[Data block]
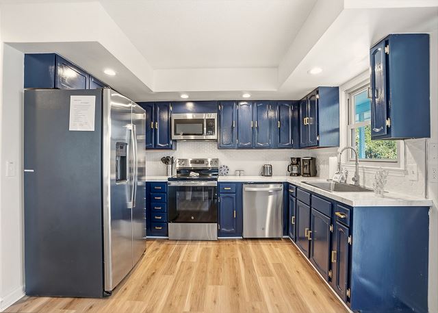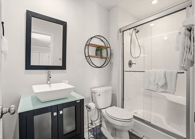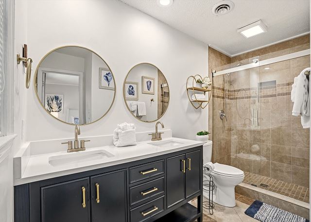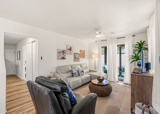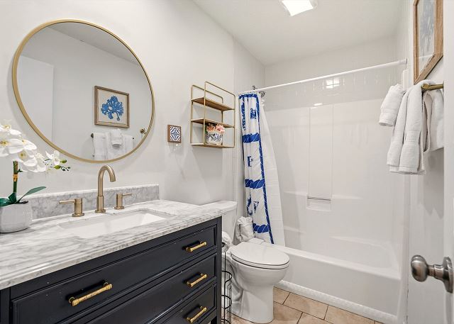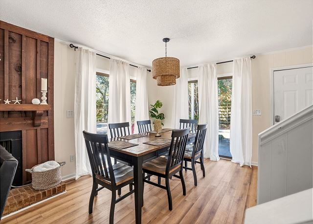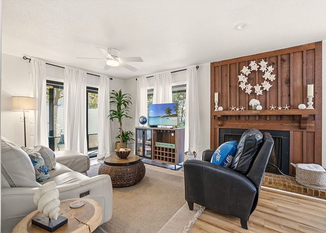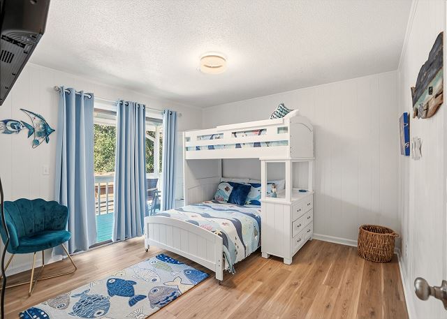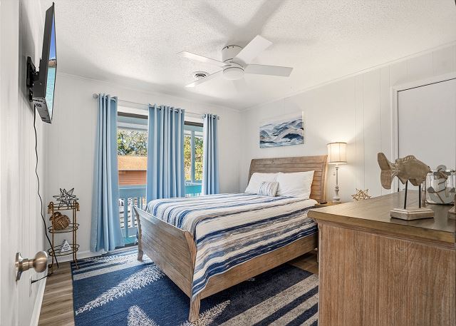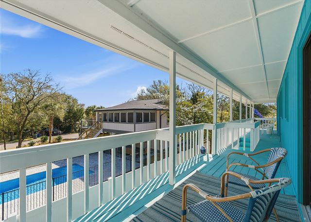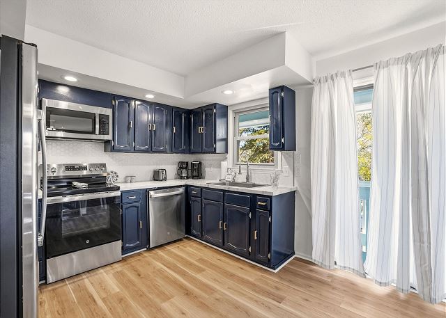 Enjoy all the comforts of home while you are at the beach in this wonderfully decorated beach house that offers 2 living rooms, 2 dining areas, 2 kitchens, 7 TV'S, a game room and bonus room off the pool. The ground level resembles a mother-in-law suite with 1 bedroom w/1 king bed, a full bathroom, full kitchen, dining area, living room and a screened in patio. From the kitchen, you have access to the 2 car garage which doubles as a game room with a basketball game, corn hole, and an arcade game. Off the garage is the bonus room which features indoor/outdoor furniture, a mini fridge, 1/2 bath, queen sized murphy bed and full sized washer & dryer. The 2nd floor offers the remaining 2 bedrooms, 2 bathrooms, full kitchen, dining area, living room with sleeper sofa & covered balcony with outdoor seating.
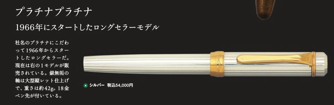 型号为【Platinum Platinum】的钢笔,在1966年就首次推出,作为和会社名称一样的款式,白金始终对这款产品高度重视。目前销售的款式采用条纹银工艺,重量达到了42g,白金也为其定制了一款18K金尖搭配这款钢笔。
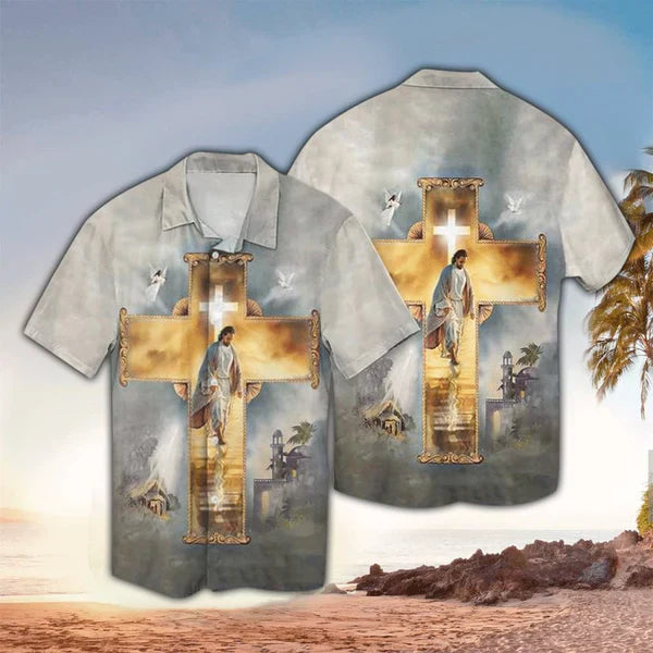 UniJames Gate Way To Heaven Jesus And Cross Hawaiian Shirt - Christian Hawaiian Shirt for Men Women
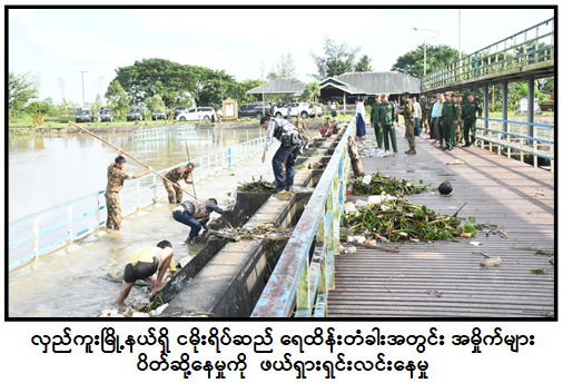 ရန်ကုန်တိုင်းဒေသကြီး၊ လှည်းကူးမြို့နယ်အတွင်း မိုးသည်းထန်စွာရွာသွန်းမှုကြောင့် ငမိုးရိပ်ချောင်းရေမြင့်တက်မှုဖြစ်ပေါ်ခဲ့ပြီး ငမိုးရိပ်ဆည်ရေထိန်းတံခါးအတွင်း အမှိုက်များ ပိတ်ဆို့မှုဖြစ်ပေါ်လျက်ရှိရာ အောက်တိုဘာ ၁၂ ရက်တွင် ရန်ကုန်တိုင်းစစ်ဌာနချုပ်မှ နယ်မြေခံတပ်မတော်သားများ၊ မြန်မာနိုင်ငံရဲတပ်ဖွဲ့ဝင်များ၊ ဌာနဆိုင်ရာဝန်ထမ်းများနှင့် ဒေသခံပြည်သူများက ပိတ်ဆို့လျက်ရှိသော အမှိုက်များအား ရှင်းလင်း ဖယ်ရှားပေးခြင်းများကို စုပေါင်းဆောင်ရွက်ပေးကြသည်။

[Task to carry out]
Leave the pictures out and output all of the data verbatim.

[Answer section]
 Enjoy all the comforts of home while you are at the beach in this wonderfully decorated beach house that offers 2 living rooms, 2 dining areas, 2 kitchens, 7 TV'S, a game room and bonus room off the pool. The ground level resembles a mother-in-law suite with 1 bedroom w/1 king bed, a full bathroom, full kitchen, dining area, living room and a screened in patio. From the kitchen, you have access to the 2 car garage which doubles as a game room with a basketball game, corn hole, and an arcade game. Off the garage is the bonus room which features indoor/outdoor furniture, a mini fridge, 1/2 bath, queen sized murphy bed and full sized washer & dryer. The 2nd floor offers the remaining 2 bedrooms, 2 bathrooms, full kitchen, dining area, living room with sleeper sofa & covered balcony with outdoor seating.
 型号为【Platinum Platinum】的钢笔,在1966年就首次推出,作为和会社名称一样的款式,白金始终对这款产品高度重视。目前销售的款式采用条纹银工艺,重量达到了42g,白金也为其定制了一款18K金尖搭配这款钢笔。
 UniJames Gate Way To Heaven Jesus And Cross Hawaiian Shirt - Christian Hawaiian Shirt for Men Women
 ရန်ကုန်တိုင်းဒေသကြီး၊ လှည်းကူးမြို့နယ်အတွင်း မိုးသည်းထန်စွာရွာသွန်းမှုကြောင့် ငမိုးရိပ်ချောင်းရေမြင့်တက်မှုဖြစ်ပေါ်ခဲ့ပြီး ငမိုးရိပ်ဆည်ရေထိန်းတံခါးအတွင်း အမှိုက်များ ပိတ်ဆို့မှုဖြစ်ပေါ်လျက်ရှိရာ အောက်တိုဘာ ၁၂ ရက်တွင် ရန်ကုန်တိုင်းစစ်ဌာနချုပ်မှ နယ်မြေခံတပ်မတော်သားများ၊ မြန်မာနိုင်ငံရဲတပ်ဖွဲ့ဝင်များ၊ ဌာနဆိုင်ရာဝန်ထမ်းများနှင့် ဒေသခံပြည်သူများက ပိတ်ဆို့လျက်ရှိသော အမှိုက်များအား ရှင်းလင်း ဖယ်ရှားပေးခြင်းများကို စုပေါင်းဆောင်ရွက်ပေးကြသည်။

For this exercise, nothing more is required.